Have you ever been to a wedding where you felt like you had to take a number – just to give a quick “Hi” to the bride and groom?  Who hasn’t!?

With 15 years in the wedding industry I have seen a good mix of:

  1. Brides that choose to have wedding lines – This is the “take a number, wait in line” feeling that guests often get. I have seen it all, including the all-out 15 person bridal party line complete with bridesmaids, groomsmen, and flower girls — these can last 3+ hours…  Is this what you want to be doing on your wedding day?!  The stereotypical Utah Reception Line comes because of the excessive guest list that many brides have.  It is not uncommon to send 500+ invitations.
  2. Brides that choose not to have wedding lines – This is usually when the bride and groom have an intimate guest list and have a traditional celebration (wedding, pre-reception photos/cocktails, dinner, dancing).  They generally greet wedding guests during the dinner, cocktails, and dancing – whenever is conveniant.  There isn’t a set time or area blocked off for a formal greeting line).
  3. A combination of having a line or not having a line – This is a great option when you may have a lot of guests, but you want the line very limited – usually just the bride and groom.  In this scenario, the bride and groom aren’t usually in a fixed location.  They spend a lot of their time moving about, greeting guests.  The parents and other wedding party members aren’t a part of the line and get to relax and enjoy the reception.

Having attended hundreds, if not thousands of weddings over the years including mine that was thrown in the middle there somewhere, it seemed like there were more people that did lines than didn’t.  Over the years, it has become more popular not to have a formal line.  The drawback of not having a line is – the more guests you invite, the more likely a line will form naturally.  Also, it is important to remember – your wedding guests have set aside part of their day to celebrate with you and it is important to acknowledge they came.

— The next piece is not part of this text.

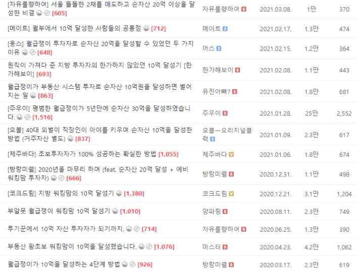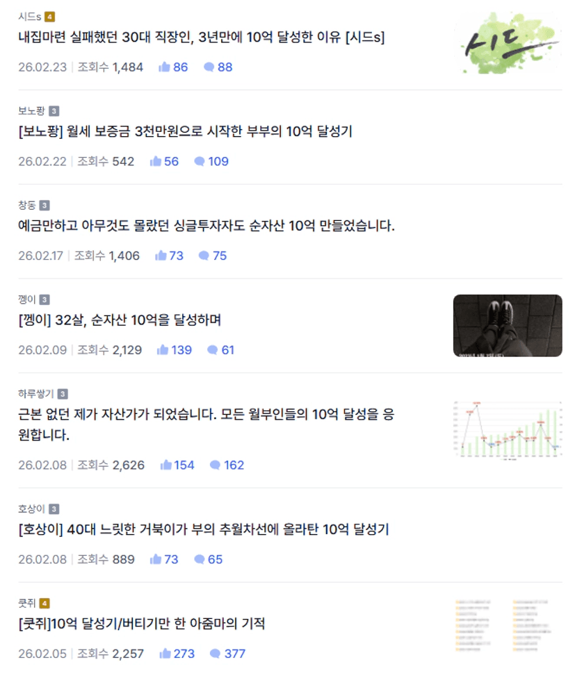 월부 커뮤니티 [10억달성기] 게시판 에서 나와 비슷한 조건(나이, 거주지, 투자금 등)을 가진 분의 글을 딱 하나만 골라 끝까지 읽어보세요. 그게 여러분의 인생을 바꾸는 첫걸음이 될 거예요!

When brides choose a more intimate guest list and limit it to close family and friends, they have the opportunity to spend more time with each guest.  Another plus — more time for the bride and groom to enjoy the reception!

Think twice about how many people to include in your guest list.  The number of people you invite to your wedding and reception greatly impacts other decisions throughout the day.  If you have chosen to have a line, take into consideration those who will be part of the line.  I have seen people literally fall asleep (especially children) while standing in line and if you think a little ring bearer or flower girl can stand in line for more than 10 minutes you are going to have a big surprise.  Also consider your guests, they are there to see you and wish you well but they shouldn’t have to wait an hour to do so, their time is precious too.

If you plan on having a line and you also want to have dancing it is very important that you indicate that on your invitation.  I have been to many weddings where the bride and groom want to break to dance but the line is still going out the door.  Not only that but if you have a photographer or videographer at the reception it is likely you are paying them by the hour.

Wedding receptions can be a great place to catch up with old friends, meet new people and celebrate marriage but remember this is your day.  Make it magical, don’t feel like you have to give in to “tradition” just because that is what everyone else did.  Make is special for you because once it is over all you will have is the pictures and video to look back on and you probably would get bored watching yourself just standing in line.